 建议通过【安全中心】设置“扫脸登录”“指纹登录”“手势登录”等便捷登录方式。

==

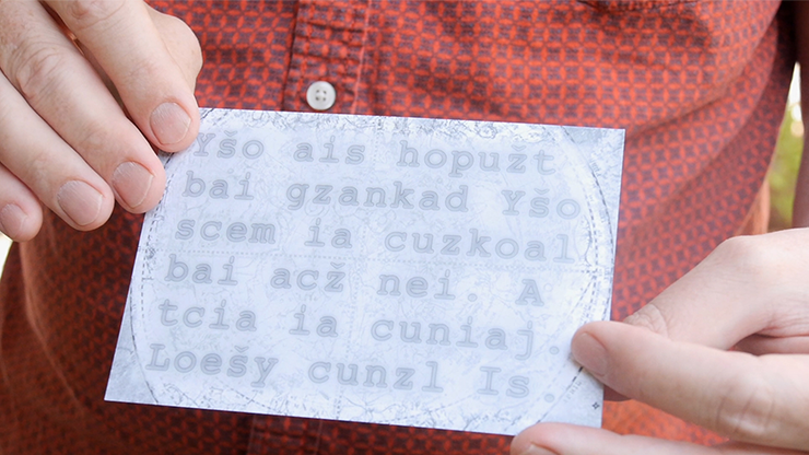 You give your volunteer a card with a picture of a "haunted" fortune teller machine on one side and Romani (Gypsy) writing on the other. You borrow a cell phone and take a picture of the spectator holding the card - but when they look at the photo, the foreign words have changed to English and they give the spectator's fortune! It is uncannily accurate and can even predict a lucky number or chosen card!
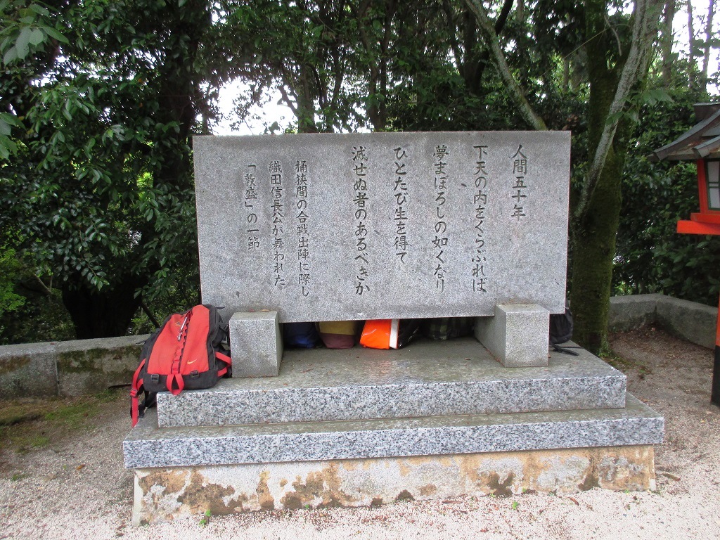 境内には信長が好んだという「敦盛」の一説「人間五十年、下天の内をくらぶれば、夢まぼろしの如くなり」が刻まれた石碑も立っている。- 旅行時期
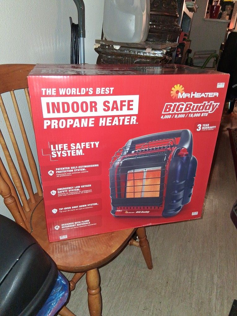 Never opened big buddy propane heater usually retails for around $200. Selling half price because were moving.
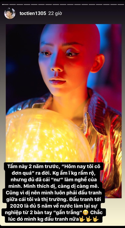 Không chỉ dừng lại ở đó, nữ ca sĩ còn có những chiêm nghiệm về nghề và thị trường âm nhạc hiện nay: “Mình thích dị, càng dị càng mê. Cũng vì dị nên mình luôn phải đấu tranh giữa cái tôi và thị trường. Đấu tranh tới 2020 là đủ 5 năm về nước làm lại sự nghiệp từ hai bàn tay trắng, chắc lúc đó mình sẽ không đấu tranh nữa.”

...

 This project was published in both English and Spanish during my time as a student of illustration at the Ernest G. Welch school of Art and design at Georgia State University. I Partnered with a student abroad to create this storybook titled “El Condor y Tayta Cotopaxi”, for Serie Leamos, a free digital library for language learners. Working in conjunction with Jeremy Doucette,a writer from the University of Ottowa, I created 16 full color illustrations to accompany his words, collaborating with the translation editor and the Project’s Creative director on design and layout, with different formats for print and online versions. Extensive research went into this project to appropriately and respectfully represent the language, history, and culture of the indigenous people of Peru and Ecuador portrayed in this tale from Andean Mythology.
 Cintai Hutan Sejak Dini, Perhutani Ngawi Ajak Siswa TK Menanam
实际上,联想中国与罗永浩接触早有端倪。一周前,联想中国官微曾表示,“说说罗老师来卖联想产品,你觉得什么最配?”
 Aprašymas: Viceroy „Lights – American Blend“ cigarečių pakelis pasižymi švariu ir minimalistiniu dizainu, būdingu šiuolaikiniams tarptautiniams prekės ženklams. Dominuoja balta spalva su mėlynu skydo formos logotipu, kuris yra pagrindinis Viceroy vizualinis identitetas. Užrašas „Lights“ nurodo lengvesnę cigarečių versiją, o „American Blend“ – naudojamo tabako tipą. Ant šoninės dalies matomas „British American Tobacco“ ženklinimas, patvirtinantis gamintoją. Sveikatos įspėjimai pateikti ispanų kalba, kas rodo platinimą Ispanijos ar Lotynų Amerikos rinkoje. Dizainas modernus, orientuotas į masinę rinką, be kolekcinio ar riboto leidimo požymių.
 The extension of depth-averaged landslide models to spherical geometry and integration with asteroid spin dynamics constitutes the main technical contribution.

* Your goal
All lines in the data above from the one with "Cintai Hutan Sejak" through the one with "The extension of" must be repeated exactly, and no others.

* Output below
 Cintai Hutan Sejak Dini, Perhutani Ngawi Ajak Siswa TK Menanam
实际上,联想中国与罗永浩接触早有端倪。一周前,联想中国官微曾表示,“说说罗老师来卖联想产品,你觉得什么最配?”
 Aprašymas: Viceroy „Lights – American Blend“ cigarečių pakelis pasižymi švariu ir minimalistiniu dizainu, būdingu šiuolaikiniams tarptautiniams prekės ženklams. Dominuoja balta spalva su mėlynu skydo formos logotipu, kuris yra pagrindinis Viceroy vizualinis identitetas. Užrašas „Lights“ nurodo lengvesnę cigarečių versiją, o „American Blend“ – naudojamo tabako tipą. Ant šoninės dalies matomas „British American Tobacco“ ženklinimas, patvirtinantis gamintoją. Sveikatos įspėjimai pateikti ispanų kalba, kas rodo platinimą Ispanijos ar Lotynų Amerikos rinkoje. Dizainas modernus, orientuotas į masinę rinką, be kolekcinio ar riboto leidimo požymių.
 The extension of depth-averaged landslide models to spherical geometry and integration with asteroid spin dynamics constitutes the main technical contribution.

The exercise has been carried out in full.